Preprocessed SemEval-2017 and PHEME Datasets and Codes for our paper: Coupled Hierarchical Transformer for Stance-Aware Rumor Verification in Social Media Conversations (https://aclanthology.org/2020.emnlp-main.108.pdf).
Author
Jianfei Yu
July 15, 2020
- Stance Classification (SemEval-2017): the "semeval17_stance" folder.
- Rumor Verification: SemEval-2017 (the "semeval17" folder) & PHEME (the "pheme" folder)
- PyTorch 1.0.0
- Python 3.7
- Step 1: Process the stance classification dataset (SemEval-2017)
python process_stance_semeval17.py
- Step 2: Process the rumor verification dataset (SemEval-2017 & PHEME)
python process_rumor_semeval17.py
python process_rumor_pheme.py
- Hierarchical Transformer for Stance Classification: each conversation thread is split into 10 subthreads, and each subthread is set to have 17 tweets, and each tweet has 30 tokens.
- Hierarchical Transformer and Coupled Hierarchical Transformer for Rumor Verification: Due to memory limitation, each conversation thread is split into 4 subthreads, and each subthread is set to have 17 tweets, and each tweet has 30 tokens.
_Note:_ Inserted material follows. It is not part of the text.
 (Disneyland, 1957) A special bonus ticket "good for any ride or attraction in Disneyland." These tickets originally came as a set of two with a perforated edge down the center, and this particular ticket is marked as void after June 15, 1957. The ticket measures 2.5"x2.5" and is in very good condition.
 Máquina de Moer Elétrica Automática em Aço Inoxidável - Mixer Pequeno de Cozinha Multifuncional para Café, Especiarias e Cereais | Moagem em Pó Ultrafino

- Note that for each subthread, you can change the number of tweets and the number of words in each tweet by tuning the two parameters: --max_tweet_num 17 --max_tweet_length 30. Also, it is required that max_tweet_num * max_tweet_length <= 512.
- SemEval-2017: This is the training code of tuning parameters on the dev set, and testing on the test set. Note that you can change "CUDA_VISIBLE_DEVICES" based on your available GPUs.
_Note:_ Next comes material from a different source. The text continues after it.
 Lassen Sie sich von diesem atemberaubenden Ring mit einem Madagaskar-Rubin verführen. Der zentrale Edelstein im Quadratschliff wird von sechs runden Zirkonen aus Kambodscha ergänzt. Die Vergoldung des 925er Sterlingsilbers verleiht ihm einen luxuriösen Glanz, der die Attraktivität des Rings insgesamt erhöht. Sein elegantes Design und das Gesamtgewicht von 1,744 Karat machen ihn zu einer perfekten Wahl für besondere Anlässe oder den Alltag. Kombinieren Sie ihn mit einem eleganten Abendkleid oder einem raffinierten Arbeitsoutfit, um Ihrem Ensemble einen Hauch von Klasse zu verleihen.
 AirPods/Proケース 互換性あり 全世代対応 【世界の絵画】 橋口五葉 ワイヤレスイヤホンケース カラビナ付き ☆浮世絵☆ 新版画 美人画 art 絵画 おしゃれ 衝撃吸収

sh run_multi_stance_semeval17_10BERT.sh
- SemEval-2017: This is the training code of tuning parameters on the dev set, and testing on the test set. Note that you can change "CUDA_VISIBLE_DEVICES" based on your available GPUs.
sh run_rumor_semeval17.sh
- PHEME: This is the training code of performing 9 fold cross validation. Note that you can change "CUDA_VISIBLE_DEVICES" based on your available GPUs.
sh run_rumor_pheme.sh
- SemEval-2017: This is the training code of tuning parameters on the dev set, and testing on the test set. Note that you can change "CUDA_VISIBLE_DEVICES" based on your available GPUs.
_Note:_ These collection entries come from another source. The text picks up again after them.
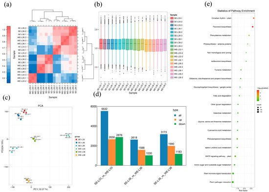 Analysis of gene expression profiles in the transcriptome. (a) Pearson correlation matrix of samples using transcriptome data. (b) Comparison analysis of gene expression levels across different experimental settings. (c) Principal component analysis (PCA) using gene expression levels. (d) Number of DEGs identified from seasonal comparisons. (e) Top 20 KEGG enrichment bubble map for DEGs between WE-L 38 and SE-L 38. Treatments: green berries from summer crop (SE-L33); full veraison in summer crop (SE-L36); harvest stage in summer crop (SE-L38); green berries from winter crop (WE-L33); full veraison in winter crop (WE-L36); and harvest stage in winter crop (WE-L38).
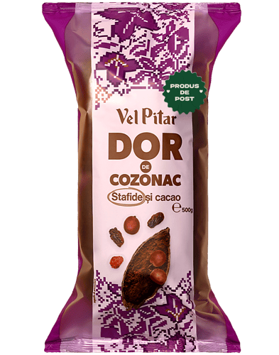 România,Cozonacul de post DOR cu stafide și cacao are un aluat pufos și o umplutură cu note de cacao, potrivit pentru momentele în care vrei un desert simplu, de împărțit. Se potrivește lângă ceai sau cafea.
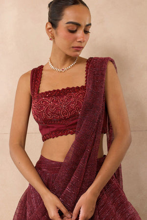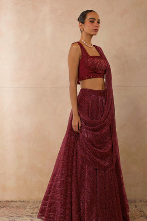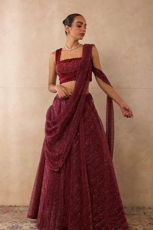 Bold and effortless — this maroon lehenga features a fluid drape with an attached dupatta for ease and edge. Paired with a hand-embroidered blouse, it’s the perfect blend of comfort, glamour, and statement-making style.
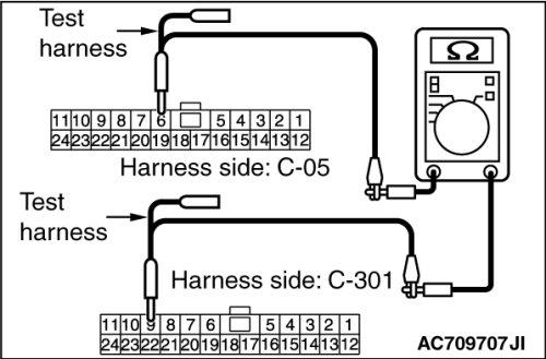 (1)Disconnect joint connector (CAN2) C-05 and ETACS-ECU connector C-301, and check the wiring harness.
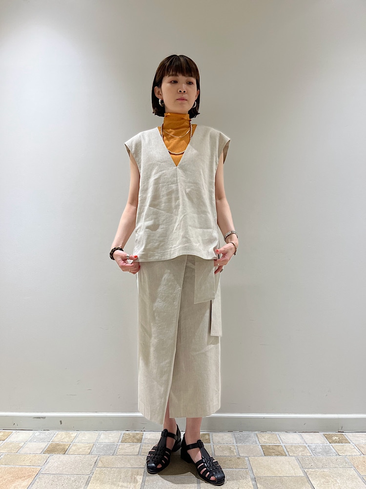 素材感:麻混のラスティックな素材です。着用しているラップスカートと同素材です。
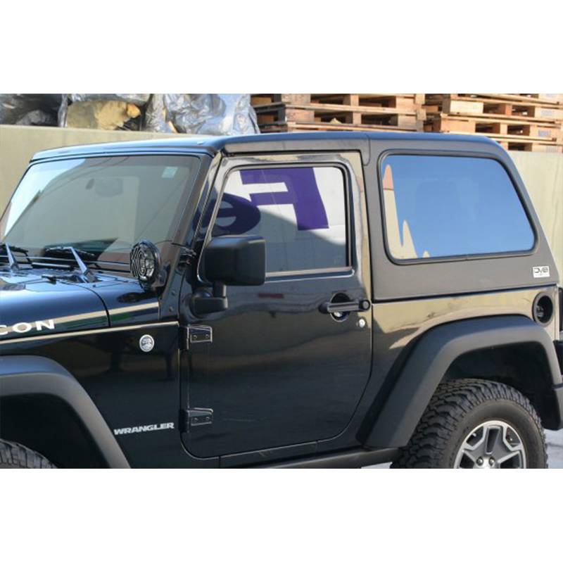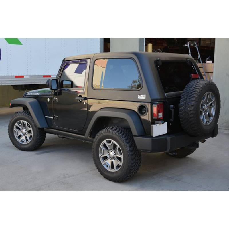 Road ranger hard tops are built in the United States and use high quality seals, fiberglass, and advanced aerodynamics to produce the quietest tops on the market. All of DV8 tops are a 2 piece design so the part over the front driver and passenger lifts off like a targa top. All tops have carpeted interior and tinted windows. This top is a Fast Back 2-Piece for 2 Door JK Jeep Wrangler.

sh run_multitask_rumor_stance.sh
- PHEME: This is the training code of performing 9 fold cross validation. Note that you can change "CUDA_VISIBLE_DEVICES" based on your available GPUs.
sh run_multitask_rumor_stance_pheme.sh
We show our running logs on the SemEval-2017 dataset in the folder "running_log_files", and you can find similar results as reported in our EMNLP submission.
- Using these two datasets means you have read and accepted the copyrights set by Twitter and dataset providers.